Sarah. Mike. Caitlin. Jodi.
Sekali lagi aku
mengernyit. Sebulir air mata yang luluh cepat-cepat kuhapus dengan punggung
tangan. Lagi-lagi aku teringat akan sosok Caitlin yang teronggok tak berdaya di
atas ranjang kamar rumah sakit tadi. Lalu ingatanku merekam ekspresi wajah Jodi
yang cemas tapi masih tetap menunjukkan ketenangan luar biasa. Kemudian
memoriku memutar raut wajah Mike yang setengah histeris melihat yang terjadi
pada tunangannya.
Dan semua ini
terjadi karena aku.
“Sarah?”
Selama beberapa
detik aku terdiam, mengira bahwa suara yang begitu dekat di belakangku hanya
ilusi. Tapi begitu sadar, aku tersentak, kemudian membalikkan tubuhku dengan terkejut.
“Jodi?!” Gawat! Apa
dia memperhatikan aku sejak tadi? Apa dia melihat kalau aku hampir menangis?
Jodi menyeringai
sebagai respon. “Mike bilang kamu butuh udara segar. Aku langsung tahu kamu
pasti ada di sini. Kamu pernah bilang pantai selalu berhasil menentramkan kamu,
bukan?”
“Well. Tidak kali ini.” Aku mengangkat
bahu.
“Kamu tadi
menangis karena Caitlin?”
Sekali lagi aku
mengangkat bahu dengan air muka muram.
“Dia pasti akan baik-baik
saja,” ucap Jodi dengan tenang.
Aku meringis. Kalimat
yang dilontarkan Jodi semakin mengirisku. Jadi Caitlin masih belum sadarkan
diri juga. Semua orang bilang dia akan baik-baik saja. Tapi aku ragu apakah aku
masih punya keyakinan sebesar itu? Kalau sampai terjadi sesuatu pada Caitlin,
aku tidak akan bisa memaafkan diriku sendiri.
Kukatupkan bibirku
rapat-rapat. Selama beberapa saat aku dan Jodi tidak berucap sepatah pun. Kami
seperti tenggelam dengan pikiran masing-masing. Kupandangi segelintir anak-anak
laki-laki dan perempuan yang masih asik membangun istana pasir dan bermain
dengan ombak tak jauh dari pinggir pantai. Tanpa menghiraukan teriakan orangtua,
mereka saling mengejar satu sama lain sambil sesekali tertawa.
Aku memandang
dengan tatapan kosong. Tubuhku seperti mengawang. Rohku serasa hilang separuh.

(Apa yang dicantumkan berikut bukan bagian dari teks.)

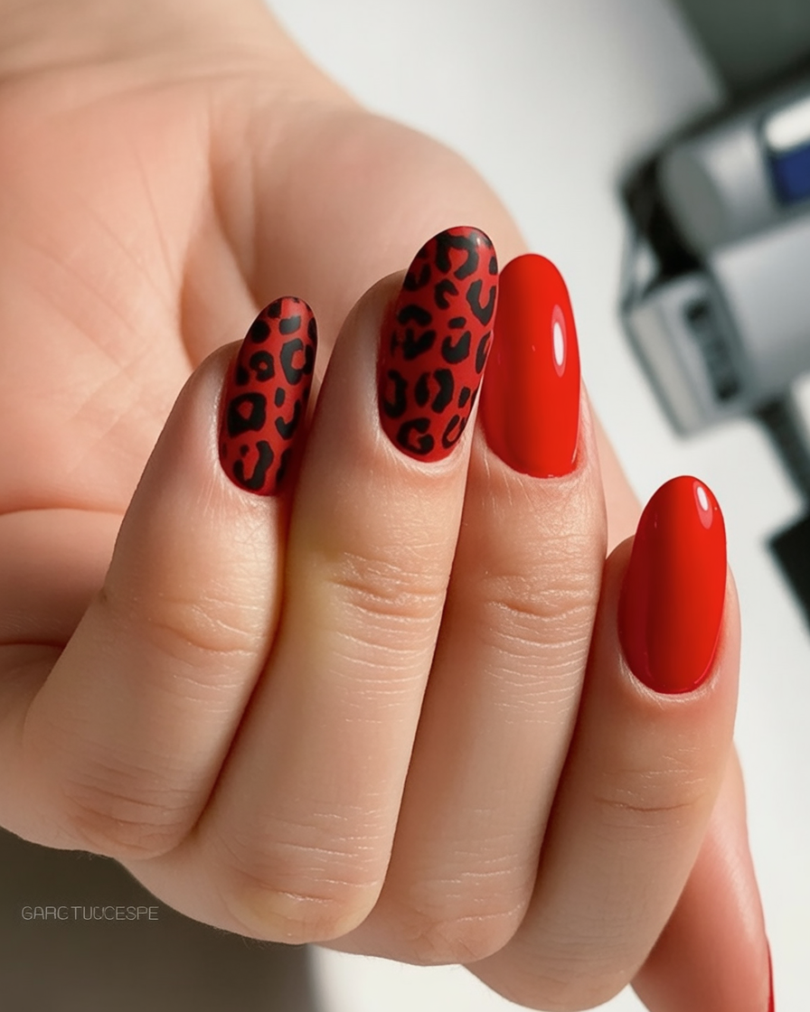 When you want power without fuss, red lacquer on a softly rounded oval delivers instant polish. Two nails step out with leopard accents so the pattern feels curated, not busy, and the high-gloss finish reads expensive. The mix of brown and black spots over a nude base keeps the print chic, while the solid red ties your whole look together—from denim to date night—no wardrobe overhaul required. Confident, a little wild, and completely wearable. Styling tips: apply thin coats for that glass-like finish and oil cuticles nightly so the shine stays crisp. Leopard looks richest over a beige or soft pink base; keep the spots irregular for a natural feel. If you live in gel, ask for a rubber base for extra strength. Pair with a red lip, small hoops, and a blazer for an easy office-to-evening transition. Durable, flattering, and full of ideas you can tweak season after season.
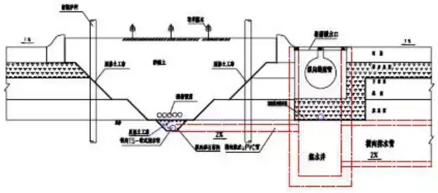 8.滲溝:利用滲透方式匯集流向路基的地下水,并通過溝底通道將水排至指定的地點,起到降低地下水位或攔截地下水。

Aku tidak tahu apakah ini efek champagne yang
kuteguk? Atau rasa sakit di hatiku yang terlalu besar membuatku nyaris mati
rasa begini?
“Tapi entah
kenapa...” Mendadak Jodi melanjutkan ucapannya sambil menatap ke arah matahari
yang hendak masuk ke peraduannya. “...aku merasa kamu menangisi sesuatu yang
lain.”
Dengan
keterkejutan yang tak bisa kusembunyikan, aku menoleh menatap laki-laki itu.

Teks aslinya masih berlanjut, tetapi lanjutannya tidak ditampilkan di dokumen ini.